81. “Hiroshima mon Amour”, Alain Resnais (1959)

Part of The 100 Greatest Movies I’ve Ever Seen list.

Hiroshima mon Amour

Hiroshima mon Amour aka Hiroshima My Love

dir. Alain Resnais (1959) scr. Marguerite Duras cin. Michio Takahashi and Sacha Vierny with Emmanuelle Riva and Eiji Okada

In 100 words: Memory and the act of remembering are the main concerns of this French New Wave classic, opening with an incredible montage of newsreel, recreations, and documentary footage of Hiroshima juxtaposed with shots of two embracing bodies, first covered in ashes, then in sweat. She and He discuss the nature of memory, especially trauma, how one inhabits or experiences them and how one forgets them. That these conversations all play out amidst a credible dissolution of a love affair is Duras’s power. That these are presented with stunning imagery, ingenious editing, and sinuous music akin to reliving memories is Resnais’ gift.

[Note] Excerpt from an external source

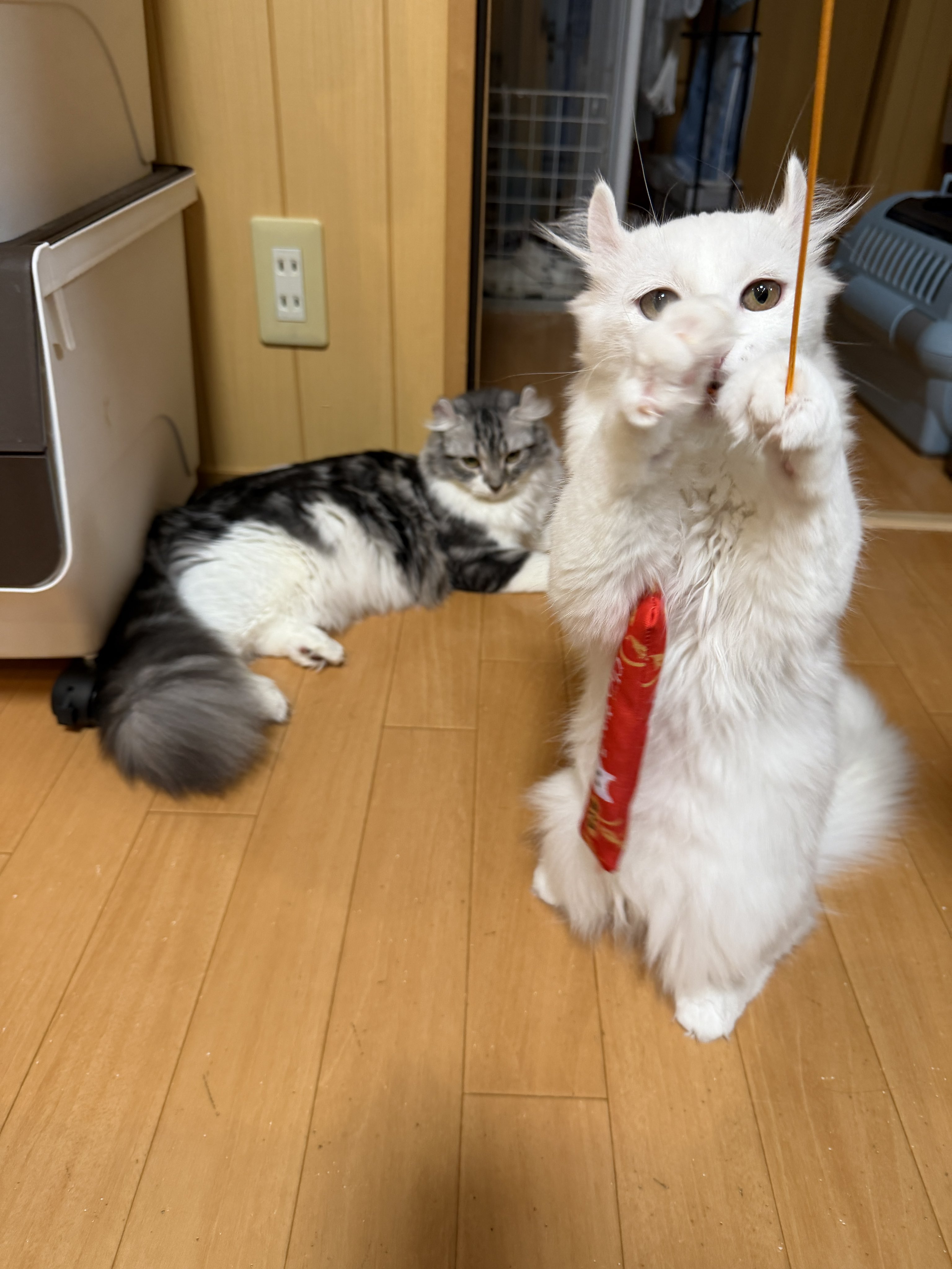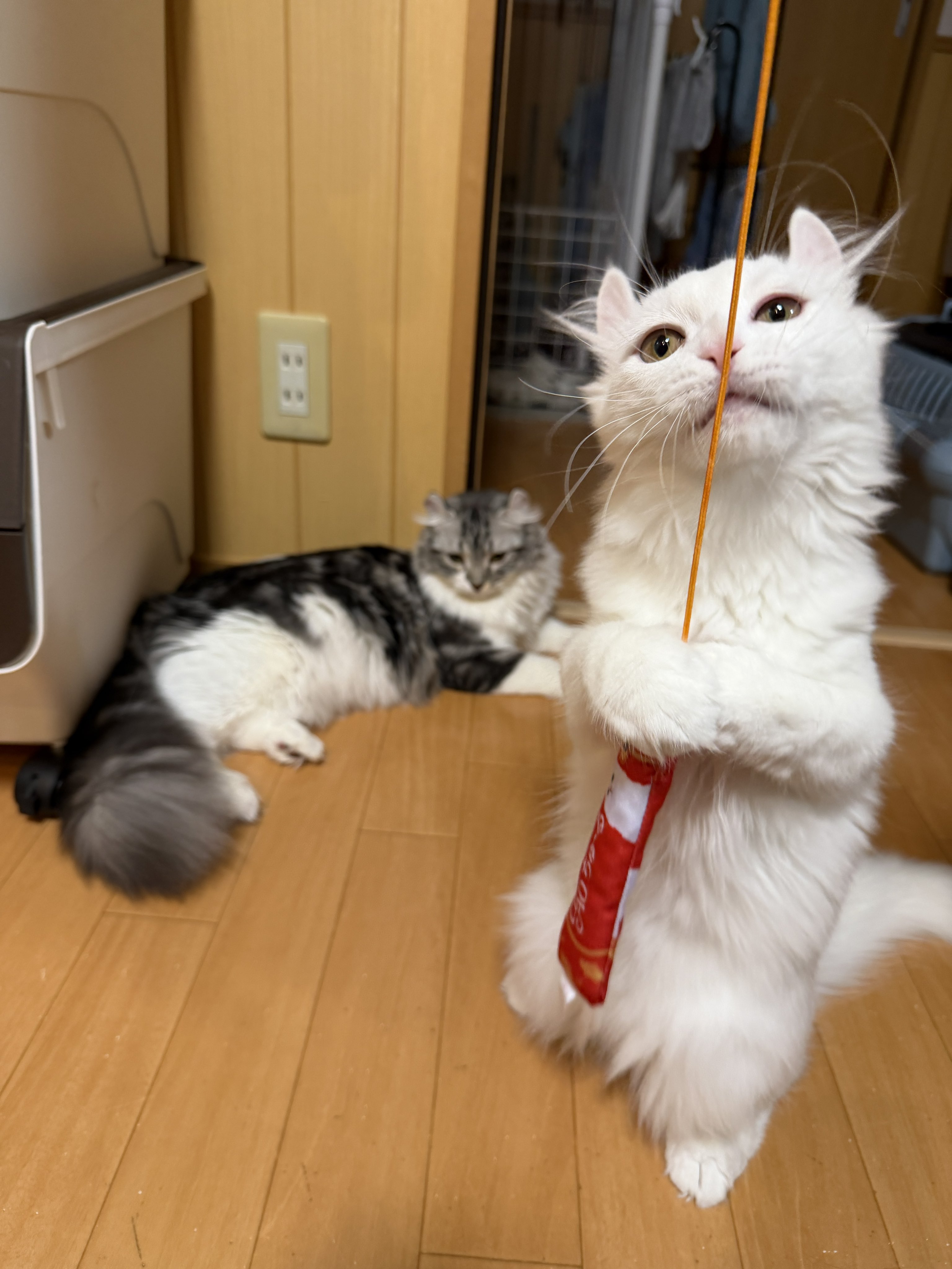 - ちゅ〜るじゃらしでハッスルブラザーズ。 #cats posted at 20:12

Other Movies for Context: Resnais has a fascinating and long filmography, but I’ve seen three other works from him: the incredible and important documentary Night and Fog (1955) about the Holocaust, Last Year in Marienbad (1961), which gave me a headache, and Mon oncle d’Amerique (1980), which was great but felt like a dream. In terms of the subject matter, the only other definitive Hiroshima movie I can think of is Shohei Imamura’s Black Rain (1988), which plays out more like a straight-up drama, but with heightened and lurid flashback scenes that recall Resnais’s film.